Sophie, Queen of Greece
(1870-1932)
Sophie of Prussia (sitting) and her sisters: Viktoria (right) and Margaret (left)
Sophie,the Empress Frederick's seven child and third daughter, was born on June 14, 1870 at Neues Palais, Postdam..Together with her sisters  Moretta and Margaret, Sophie was deeply attached to their parents, on the contrary to their elder siblings, Wilhelm, Charlotte and Henry, who were attached to their grandfather, Kaiser Wilhelm Iof Germany.
    Sophie was the shyest of Vicky's daughters ans she was also her favourite.

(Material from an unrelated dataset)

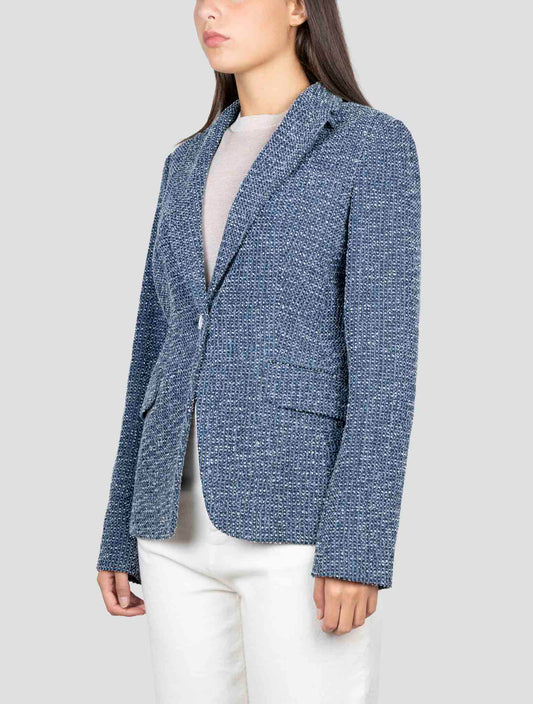 Kiton Blue Cotton Blazer Women's Handmade Italian Tailored
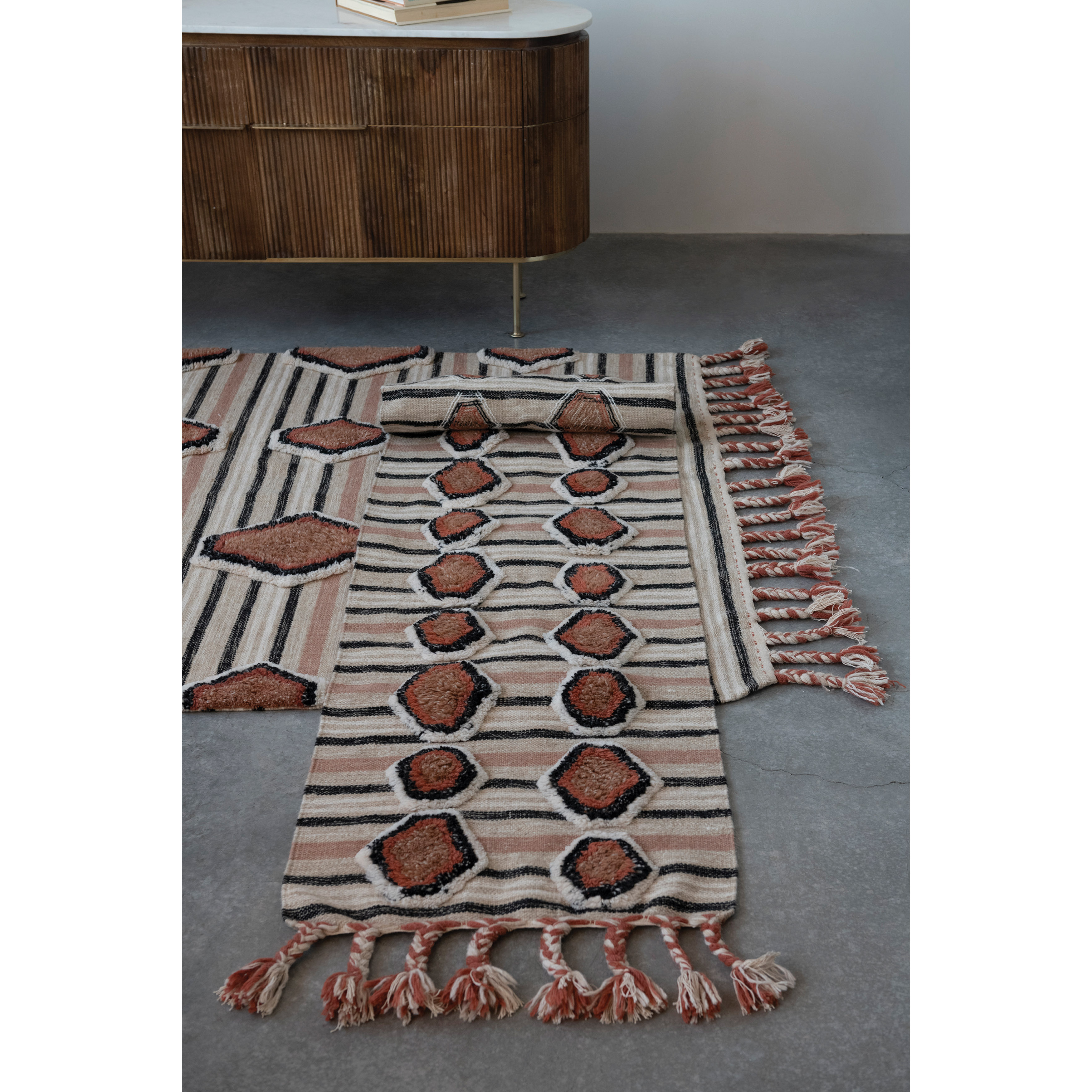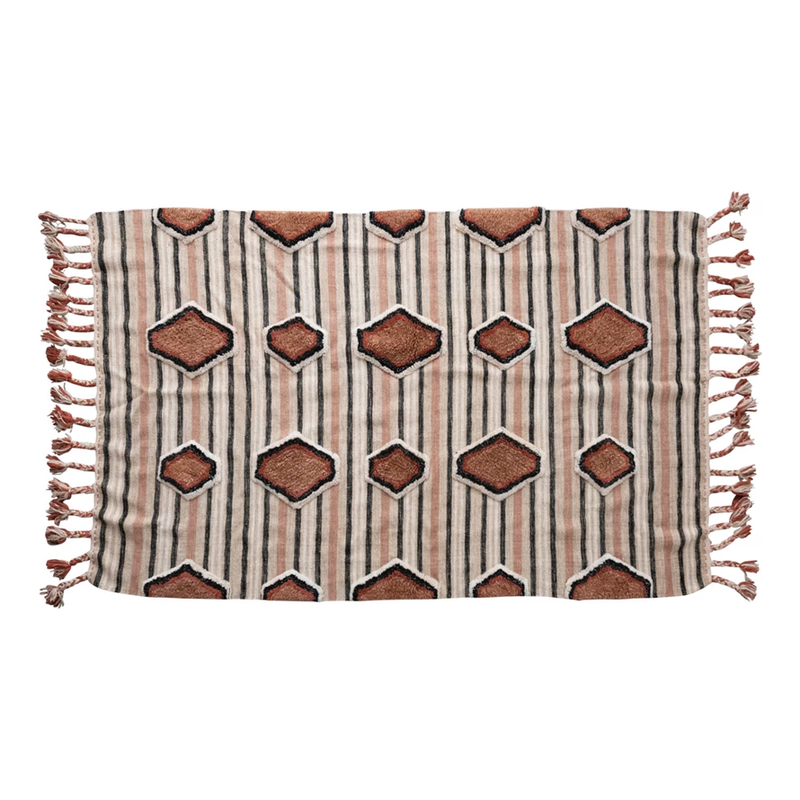 Cotton Tufted Kilim Rug with Braided Tassels

When she was fourteen, a plan to marry her to Tsarevitch Nicholas (future Nicholas II) was set in motion by Herbert von Bismarck, who was then serving in the German Embassy in St. Petersburg; the plan didn't come to an end and some years later Sophie became engaged to Crown Prince Constantine of Greece, who was the eldest son of King George I of Greece and Queen Olga. Vicky regarded her daughter's engagement as uncertain because of Greece's primitive and inmature government. Tino, as the Greek prince was known, was good natured but somewhat slow, as Queen Victoria wrote to Vicky: "; ...a good heart and good character go far beyond great cleverness"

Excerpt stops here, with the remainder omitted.